Он отступил на шаг и вошел в стену, комната исчезла, перед глазами стоял белый туман, плотный, как молоко, как творог, как гипс, как мрамор — белый каррарский мрамор без единого изъяна, полная белизна, нуль, вакуум, небытие…
Вербальная форма всплыла, наконец, до такого уровня в сознании, что Эдик сумел ее если не вспомнить, то ухватить за кончик, за первое слово фразы, и произнес его — ему казалось, что вслух, — а за первым словом потянулось второе, за вторым третье, и он вовремя вставил направление движения энергии, векторный фактор, не понимая, правильное ли задал направление энергетического перехода, и не окажется ли сейчас в месте, еще более ему не нужном или вовсе гибельном для трехмерного физического тела.

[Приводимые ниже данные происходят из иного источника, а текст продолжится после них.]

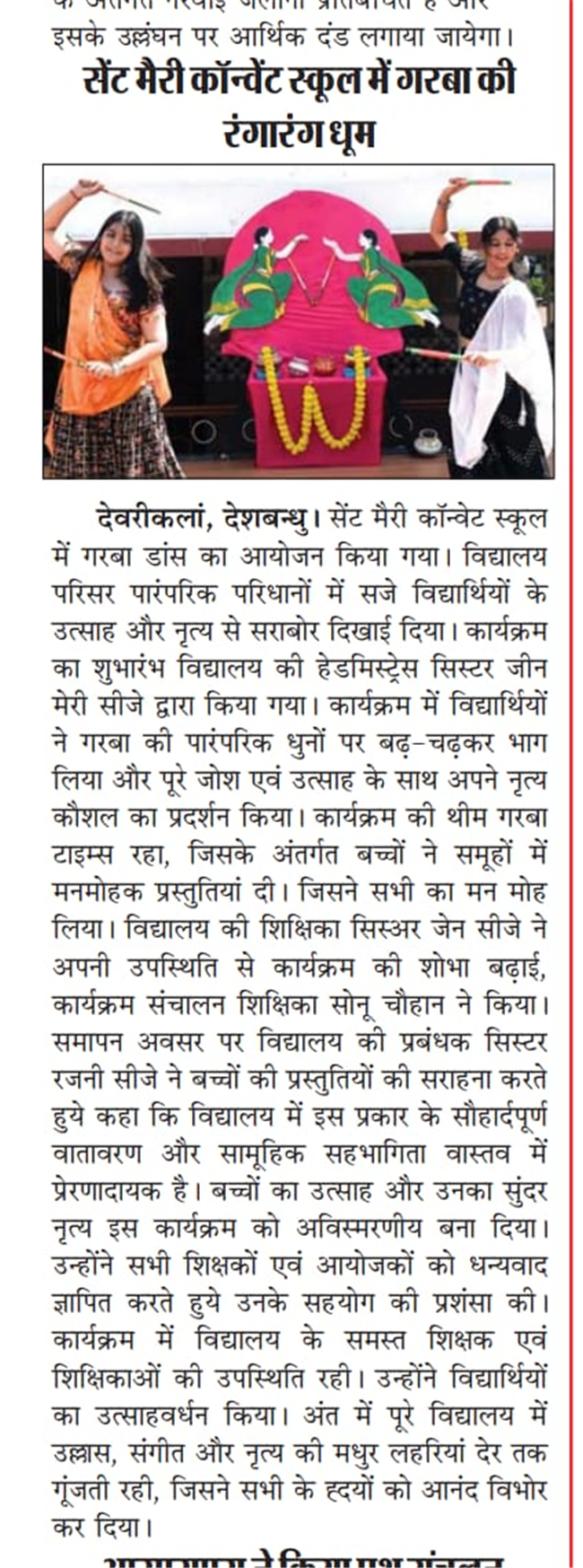 सेंट मैरीज़ कॉन्वेंट स्कूल, देवरी में गरबा उत्सव बड़े ही हर्षोल्लास और पारंपरिक अंदाज़ में मनाया गया। विद्यार्थियों ने रंग-बिरंगे परिधानों में नृत्य कर कार्यक्रम की शोभा बढ़ाई।
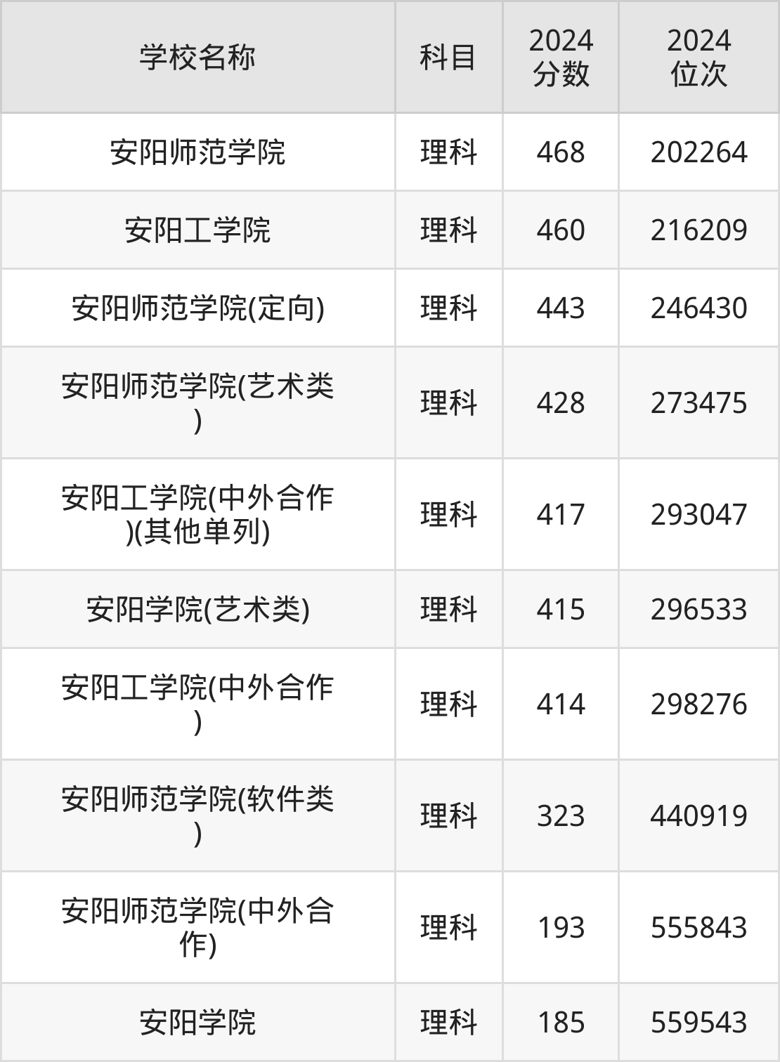 下文为2024年安阳市本科大学在河南理科录取分数线和位次排名表,供大家参考:

Умереть? Сейчас? Здесь? Из-за того только, что кто-то — Вера? Миша? — захотел уничтожить следы своего преступления?
Дудки!
Белый мир, в который Эдик оказался впаян, впечатан, как муха в янтаре, потемнел, в белом мире наступил вечер, но ночь не настала, что-то происходило, чего Эдик не понимал, но от чего должен был избавиться, иначе…
Иначе… Иначе…
Навсегда…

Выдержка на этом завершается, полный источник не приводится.